Rafael tourna le dos à son frère. Le leader des Enfants d’Atlantis se mit à réfléchir durant plusieurs secondes. Passé ce temps de réflexion, il déclara :
« Très bien… S’il y a une chose que je te dois, c’est peut être la vérité. La vérité sur la véritable nature de ma disparition… Je vais donc te l’expliquer, à toi et à Peter, vu que Ridley sait déjà ce que je vais vous dire… N’est ce pas, camarade ?
- Ridley… » murmura Jack tournant son regard vers la jeune guerrière.
Rafael, gardant le dos tourné à ses prisonniers, commença, après quelques instants de silence, à leur conter les évènements qui ont fait de lui leur ennemi.
« Tout à commencé dans un petit village, à une vingtaine de kilomètres de Ranaya City. Mes parents biologiques, Alaban et Laura Torres, étaient tous deux de redoutables guerriers. Ce fut l’unique chose que j’aurais connu d’eux. Jusqu’à l’âge de cinq ans, j’ai grandi dans la plénitude et l’insouciance, au sein de ce village. Seulement, j’ai très vite connu les plus durs aspects de la vie. Alors que je m’épanouissais pleinement, un drame qui allait changer à jamais mon être eut lieu. Je rentrais au village, après être allé me balader sur la plage à proximité. J’aperçus soudain de la fumée émaner de plusieurs habitations. Je me suis mis à courir… De plus en plus vite… Et lorsque j’étais arrivé devant ma maison, je l’ai retrouvée en feu… Avec plusieurs autres maisons brulant autour de moi… J’ai mis plusieurs secondes à réaliser ce qui était en train de se dérouler sous mes yeux… Lorsqu’enfin, je finis par comprendre que presque tous les habitants de mon village avaient péri, brulés vifs, dans leurs maisons, je me suis effondré à genoux. Ce jour là, je pense avoir pleuré toutes les larmes de mon corps…Moi, un môme de cinq ans, assistant au massacre des siens… Chaque jour de mon existence, je repense à cette vision… Dans mon esprit, plusieurs sentiments se mélangeaient : la tristesse, l’incompréhension… mais surtout une immense colère…
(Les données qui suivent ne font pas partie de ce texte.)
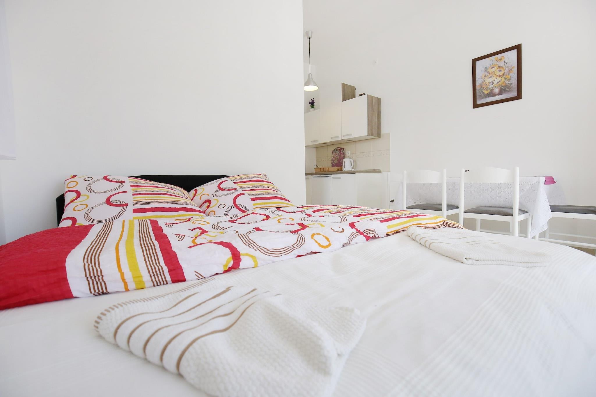 Apartments Kapetan are located in the heart of Sukošan, Zadar county, Croatia. Our modernly decorated apartments are ideal for those looking for peace, comfort, and proximity to the sea. The beach is less than 200 meters away, and everything you need - shops, pharmacies, restaurants - is just a few steps away. The famous sandy beach Djecji raj is perfect for families and is only 1 kilometer away from the apartments. Note: Private parking is available, and a reservation is not required. Wi-Fi is available throughout the property. Pets are not allowed. This studio apartment can accommodate up to 2 adults and one child up to 15 years. It features an SAT/flat-screen TV and is combined with a living room seating area, sofa, and kitchen. The private bathroom is equipped with a shower and toilet. Thanks to its excellent location, everything you'll need for your vacation is just a short walk from the property. Grocery stores, cafes, restaurants—everything is within a 300 m radius. The beach is 170 m away from the property. The airport is 6.50 km away from the property.

Je suis resté de longues minutes à genoux, pleurant sans cesse. Les secours sont arrivés très tardivement, à la tombée de la nuit. Tous ces gens étaient mobilisés pour éteindre les flammes ravageant la quasi-intégralité des maisons constituant le village. Plusieurs secouristes m’ont vu agenouillé par terre, devant sa maison. Ils se sont dirigés vers moi. Ces gens faisaient le maximum pour essayer de me parler.
« Petit… Est-ce… ta maison ? »
L’enfant innocent que j’étais se trouvait en état de choc. Par conséquent, je ne parvins pas à lui répondre. Face au mutisme dans lequel je m’étais plongé, ce pompier comprit que la maison en face de laquelle je me trouvais était bien la mienne.
« Tes parents… Ou sont-ils ? »
Mais encore une fois, je ne répondis pas. Tout du moins pendant un long moment. Les pompiers seulement en train d’éteindre l’incendie, j’ai fini par murmurer quelque chose, que seul l’un d’entre eux a entendu :
« Dedans… Ils sont… dedans… »
Il a fallu presque une heure aux pompiers et secouristes pour arrêter tous les incendies, et retirer les cadavres brulés de l’intérieur des maisons. Même hors du village, où j’ai été emmené par les pompiers, je pouvais sentir cette épouvantable odeur de chair brulée. Devant ce spectacle, mes yeux, mon âme et mon cœur s’emplirent d’une rage incommensurable. Dés cet instant, je jurai vengeance envers ceux qui ont incendié ma maison et tué mes parents.
« Et je m’arrêterais jamais… Pas tant que je les aurais pas tous retrouvés et tués… »
Ce fut un serment solennel… Malgré mon très jeune âge, une âme de guerrier commençait déjà à m’animer, ceci à partir de ce jour.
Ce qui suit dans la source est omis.